July 12, 2018
WASHINGTON, D.C. – Today, U.S. Senators Susan Collins (R-Maine), the founder and co-chair of the Congressional Task Force on Alzheimer’s disease, and Angus King (I-Maine) announced that The Jackson Laboratory in Bar Harbor has been awarded $873,647 for the year to study the progression and genetic causes of Alzheimer’s. The award is a part of a five-year allocation that will ultimately amount to $4,191,258 by 2023. The funds were awarded by the U.S. Department of Health and Human Services’ (DHHS) National Institute on Aging.
“Tens of thousands of Mainers live with Alzheimer’s disease or care for those who do, and as our state’s population ages, that number will continue to rise,” Senators Collins and King said in a joint statement. “The important work being done at The Jackson Laboratory is part of a worldwide effort to end this disease, and we welcome this continued funding to help understand, treat, and one day cure Alzheimer’s.”
The Jackson Laboratory is an independent, nonprofit biomedical research institution based in Bar Harbor, Maine, with a National Cancer Institute-designated Cancer Center, a facility in Sacramento, Calif., and a genomic medicine institute in Farmington, Conn. It employs 1,900 staff, and its mission is to discover precise genomic solutions for disease and empower the global biomedical community in the shared quest to improve human health.

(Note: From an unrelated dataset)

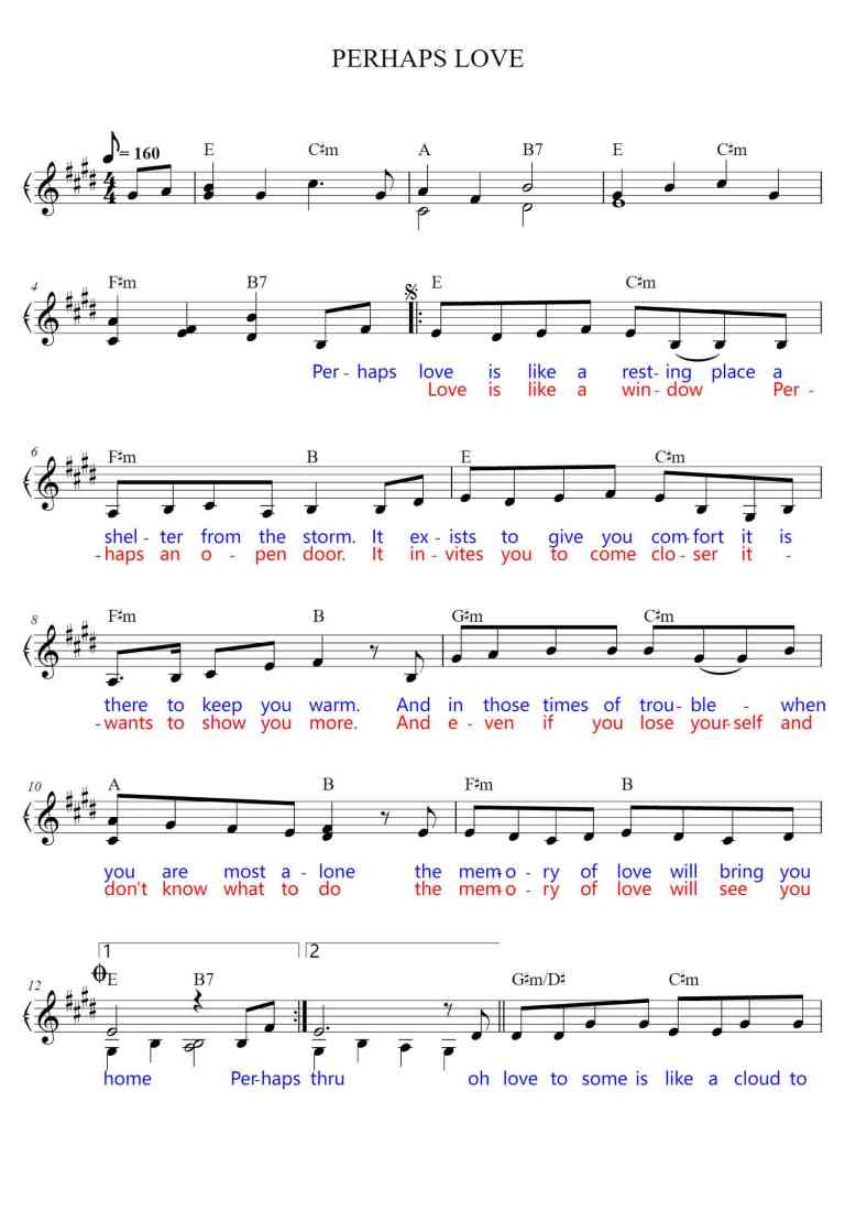 - IntroductionPerhaps Love, Sheet Music is A Major, Composer by John Denver Arr. Denis Vieira and Arr.John Denver,Suitable for all Users to play learning.

Last month, Senator Collins, a senior member of the Appropriations Committee, announced that the Senate Appropriations Committee approved a $425 million increase for Alzheimer’s research, the largest increase in history, which would bring total funding to $2.34 billion for Fiscal Year 2019. This amount would surpass the benchmark $2 billion per year experts have said is needed to prevent and treat Alzheimer’s by the year 2025.